Used to get the current process number on the current machine.

返回:: The current process number on the current machine.

Examples:

from pyvqnet.distributed import CommController
Comm_OP = CommController("nccl") # init nccl controller

Comm_OP.getLocalRank()
# vqnetrun -n 2 python test.py

split_group(rankL)¶

Divide multiple communication groups according to the process number list set by the input parameter.

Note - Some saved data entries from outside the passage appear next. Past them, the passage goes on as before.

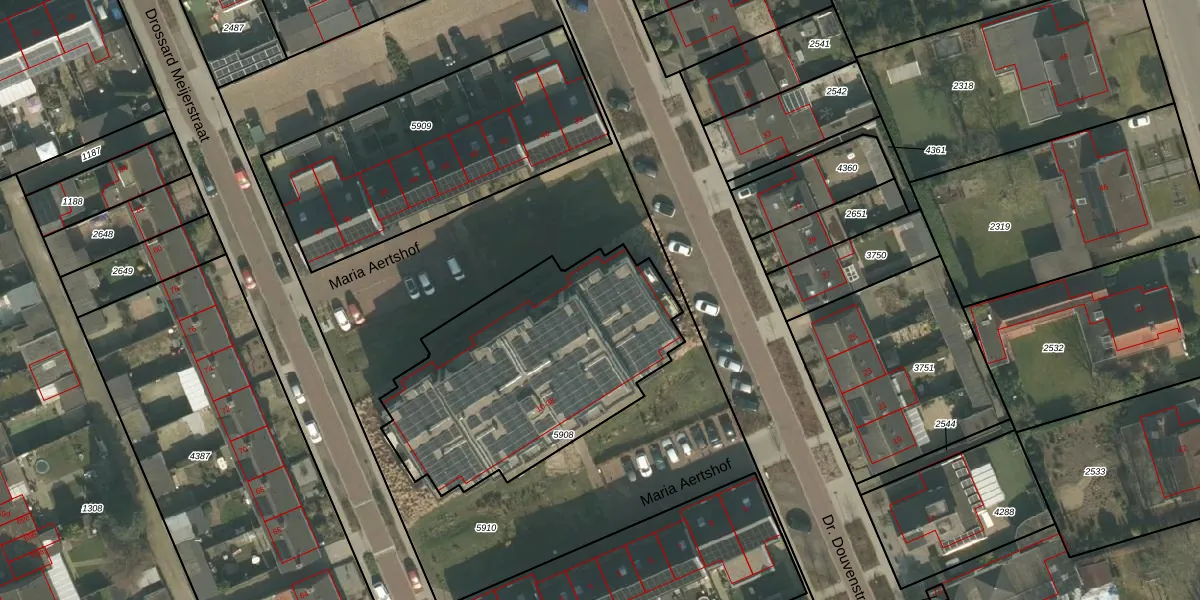 Het perceel waarop Maria Aertshof 29 staat heeft een oppervlakte van 1250 m². Dit is een zeer groot perceel. De perceeloppervlakte wordt geregistreerd door het Kadaster. Gedetailleerde informatie over de maten van dit perceel kunt u vinden in het rapport Kadastrale kaart met maatvoering van Maria Aertshof 29.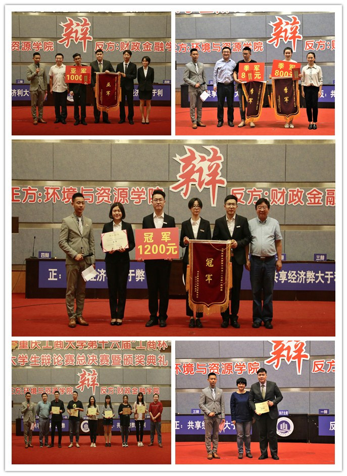 进入决赛的是财政金融学院辩论队、环境与资源学院辩论队,双方就“共享经济利大于弊/弊大于利”展开辩论。作为正方的环境与资源学院以“共享经济利大于弊”为观点对战持“共享经济弊大于利”观点的财政金融学院。首先,正方辩手开宗明义,从分析基础资源闲置、优质资源稀缺的现状和共享经济发展的趋势阐明了共享经济对提高资源利用率的作用,同时引用生活典例,如养老、教育、医疗等问题,有力地论证了己方观点。反方辩手毫不示弱,沉着应对,提出了共享经济会提高社会成本,占用社会资源的观点,并从另外一个角度剖析共享经济的蓬勃发展容易导致恶性竞争从而破坏市场规则,影响经济的正常运行。双方辩手引经据典、旁征博引,比赛精彩纷呈,双方辩手都充分展现了自身的睿智、沉稳和机敏。最终,财政金融学院更胜一筹,赢得了本场比赛的胜利。西南政法大学的王安白教授对比赛进行了点评,对选手的辩论技巧,辩论风格等给予了指导。来自各学院辩论队的优秀辩手也在现场分享了自己的辩论经历和心得。随后,进行了颁奖典礼。财政金融学院荣获本届“工商杯”辩论赛的冠军,环境与资源学院获得亚军,研究生院、经济学院获得季军;管理学院龚施菡、文学与新闻学院刘雨静、商务策划学院杨小慧、会计学院王齐吁、经济学院梁笑天和研究生学院谭潇六位同学获得本届比赛“优秀辩手”。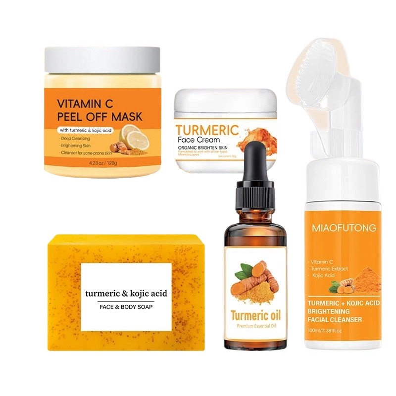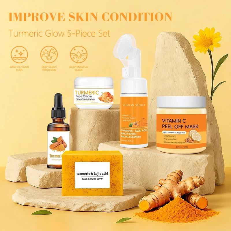 Deze 5-delige kurkumaset pakt acne littekens, pigmentvlekken, een doffe teint en grote poriën aan en biedt een complete dagelijkse routine voor een zichtbare verbetering van de huid.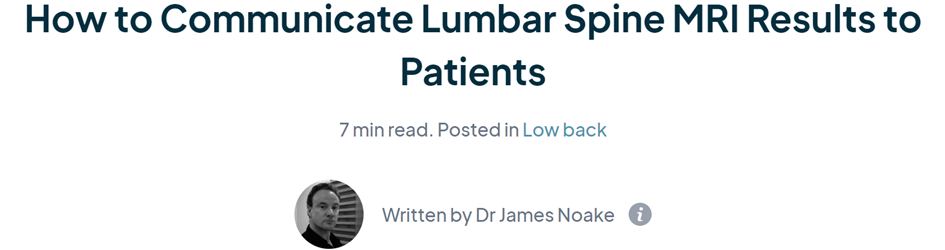 Jeg vil anbefale å lese James Noake sin artikkel på hvordan man kan forklare MR-funn til pasientene.

参数:: rankL – A list of process group ranks.
返回:: When the backend is nccl, a tuple of process group ranks is returned. When the backend is mpi, returns a list whose length is equal to the number of groups; each element is a tuple (comm, rank), where comm is the MPI communicator of the group and rank is the sequence number within the group..

Examples:

from pyvqnet.distributed import CommController,get_rank,get_local_rank
from pyvqnet.tensor import tensor
import numpy as np
Comm_OP = CommController("mpi")

groups = Comm_OP.split_group([[0, 1],[2,3]])
print(groups)
#[[<mpi4py.MPI.Intracomm object at 0x7f53691f3230>, [0, 3]], [<mpi4py.MPI.Intracomm object at 0x7f53691f3010>, [2, 1]]]

barrier()¶

Synchronization.

返回:: Synchronization.

Examples:

from pyvqnet.distributed import CommController
Comm_OP = CommController("nccl")

Comm_OP.barrier()

get_device_num()¶

Used to get the number of graphics cards on the current node, (only supported on gpu).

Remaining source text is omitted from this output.